9. What are the Signs of Memory Leaks?

10. What are the most common memory leaks, and how would you deal with them?

11. How would you detect and minimise memory leaks?

Q: What does it mean by "Memory Is Managed in Java"?
Ans:

Memory is the most important resource that an application requires to function properly, and it, like any other resource, is limited. As a result, allocating and deallocating memory to and from apps or various sections of an application requires a great deal of thought and care.

In Java, however, a developer does not need to manually allocate and deallocate memory since the JVM, notably the Garbage Collector, handles memory allocation so that the developer does not have to.

Q: What is Garbage Collection and why is it beneficial?
Ans:

Garbage collection is the process of examining heap memory, determining which items are in use and which are not, and then eliminating the objects that aren't.
The most significant benefit of garbage collection is that it saves us of the stress of manual memory allocation and deallocation, allowing us to focus on the problem at hand.

Refer Java 8 - Top Garbage Collection Interview Questions and Answers for more questions on garbage collection.

Q: Are there any Drawbacks of Garbage Collection?
Ans:

Yes, the garbage collector has an effect on the application's performance whenever it runs. This is due to the fact that all other threads in the application must be stopped in order for the garbage collector thread to do its job effectively. This concern, however, can be greatly minimized or eliminated through skilled optimization, garbage collector tuning, and the use of various GC algorithm

Q: What steps would you take to improve the performance of a Java application?
Ans:

• Managing pool of threads

  1. Pool essential system resources such as threads, database connections, socket connections, and so on.
  2. Focus on thread reuse from a pool of threads. Creating new threads and then discarding them can have a negative impact on performance. Consider using multi-threading in your single-threaded applications to improve performance. Improve pool sizes in accordance with system and application specifications and requirements.
  3. Too many threads in a pool can also cause performance and scalability issues due to memory stack consumption and CPU context switching.

• Reduce network overheads

  Reduce network overheads by retrieving multiple related items in a single remote invocation when required. Remote method invocations require a network round-trip, parameter marshalling and unmarshaling, which can cause significant performance issues when the remote interface is poorly designed.

• Reduce database calls overheads

  1. Database calls are network-based remote calls.
  2. To save memory, data must be loaded lazily from a database, however there are some scenarios in which eagerly loading data and caching can improve performance by reducing network trips to the database.
  3. Data could be eagerly loaded using SQL scripts with complex joins or stored procedures, and cached using third-party frameworks or even your own framework.

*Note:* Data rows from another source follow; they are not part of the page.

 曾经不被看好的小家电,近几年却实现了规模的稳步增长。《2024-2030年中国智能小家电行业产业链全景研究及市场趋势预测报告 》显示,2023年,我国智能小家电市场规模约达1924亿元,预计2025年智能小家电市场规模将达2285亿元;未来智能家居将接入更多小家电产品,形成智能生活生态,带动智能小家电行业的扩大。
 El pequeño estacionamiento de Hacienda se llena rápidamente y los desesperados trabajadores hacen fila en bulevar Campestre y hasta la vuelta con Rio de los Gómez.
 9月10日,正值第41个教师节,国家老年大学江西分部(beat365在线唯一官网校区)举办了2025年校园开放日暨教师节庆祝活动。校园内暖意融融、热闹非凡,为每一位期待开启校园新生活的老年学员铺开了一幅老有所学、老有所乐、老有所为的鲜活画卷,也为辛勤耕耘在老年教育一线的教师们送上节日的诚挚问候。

Q: What is the best way to optimise database calls and which is more important, space or time?
Ans:

There is likely some pre-emptive micro-optimization, and therefore I believe we can identify a few general points.

• Out of Memory

  • Considering the large size of data, it will almost certainly encounter memory errors.
  • Avoid reading the entire ResultSet into memory.
  • Use pagination.
  • Can use cache for static or default data.

• Database calls

  • Multiple network connections can quickly get to be a bottleneck. A full join can also be costly to the database.
  • To save memory, data must be loaded lazily from a database.

• Multithreading

  • You don't have to run all the code in a single transaction.
  • You could even split your process so that each row is not locked by multiple threads. Check that your database will properly adapt row-level locking.
  • Focus on thread reuse from a pool of threads. Creating new threads and then discarding them can have a negative impact on performance.

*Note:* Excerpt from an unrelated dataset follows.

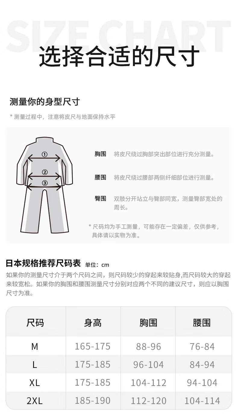 China (cm) 165 / 88-90 170 / 96-98 175 / 108-110 180 / 118-122 185 / 126-130

Q: What strategy would you use to refresh your cache?
Ans:

• Timed cache strategy

  Timed cache strategy in which the cache is refilled on a regular basis (i.e. every 30 minutes, every hour etc). This is a simple strategy that can be used when it is acceptable to present dirty data on event and the data in the database does not frequently change.

• Dirty check strategy

  Dirty check strategy in which your application is the only one with the ability to evolve (i.e. change) the data in the database. Once data in the database is modified by your application, you could set the "isDirty" flag to true, and your cache could be refreshed based on the "isDirty" flag.

Q: What Is a Memory Leak?
Ans:

A Memory Leak occurs whenever objects in the heap are no longer needed but still the garbage collector will be unable to remove them from memory, causing them to be kept in memory unnecessarily.
A memory leak is problematic since it consumes memory resources and slows down the system throughout duration. If this problem is not addressed, the programme will eventually run out of resources, resulting in a fatal java.lang.OutOfMemoryError.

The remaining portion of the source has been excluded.